Through registration with the Colorado Springs program, Springs in Bloom, the club was able to adopt a plot in the heart of the city. Located at the East location in front of the Pioneers Museum at the corner of Vermijo and Nevada, the garden can be recognized by its vibrant array of flowers and its stone centerpiece.
Founded in 2004 by councilman Jerry Heimlicher, the Springs in Bloom program aimed to involve citizens in the establishment and upkeep of various flower plots throughout the city. Since that time, members have maintained these plots jointly with the city in the spirit of community improvement.
Not only are the flowers, design arrangement and watering services provided by the city, but citizens have agreed to weed and otherwise maintain the plots themselves with provided training from horticulturalists.
The program also relies on flowers grown locally through the Parks and Recreation greenhouse, a city-funded source of flowers which has greatly impacted the colorful nature of our city.
Once the plot design and flower colors were approved by the city through their plot adoption program, a team of LAS Peak Ambassadors volunteered multiple days to arrange over 200 annual flowers including marigolds, geraniums, petunias and coleus pineapple surprise.
While the original goal was to make our city a more colorful and beautiful place, we found that a small community was created in the process.
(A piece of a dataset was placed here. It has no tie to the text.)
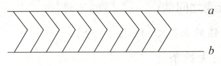 观察下图,图形中的直线a和直线b平行吗?请你利用学过的知识,动手检验一下。
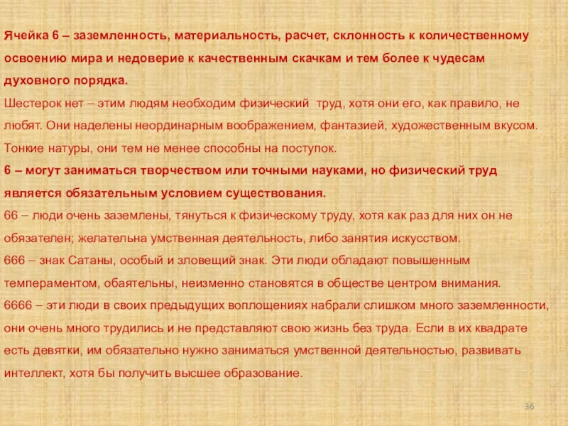 Слайд 36Ячейка 6 – заземленность, материальность, расчет, склонность к количественному освоению мира

Pedestrians and their children, the homeless, and other circumstantial individuals quickly came together to help our team with the planting and gardening.
It was the colorful community, not the act, that made the long days of planting worthwhile.
The goal of introducing this community service project to the club was to exemplify the positive change that the LAS Peak Ambassadors aim to create within and out of their own college.
To begin with, the plot they were given had weeds, litter and lots of dirt—an obvious eye-sore. However, after several days of landscaping and planting the design they were given, the small area was turned into something beautiful.
This sort of community outreach is only a single part of the enormous plan which the LAS Peak Ambassadors have for our college and community.
If you haven’t yet seen the garden, you still have a chance. But you should know that the plot will be raked and rototilled in late October in anticipation for the winter months.
Don’t miss out on seeing how these students have represented the College of Letters, Arts and Sciences, and spread the word on the community outreach programs that are soon to follow over the course of the school year.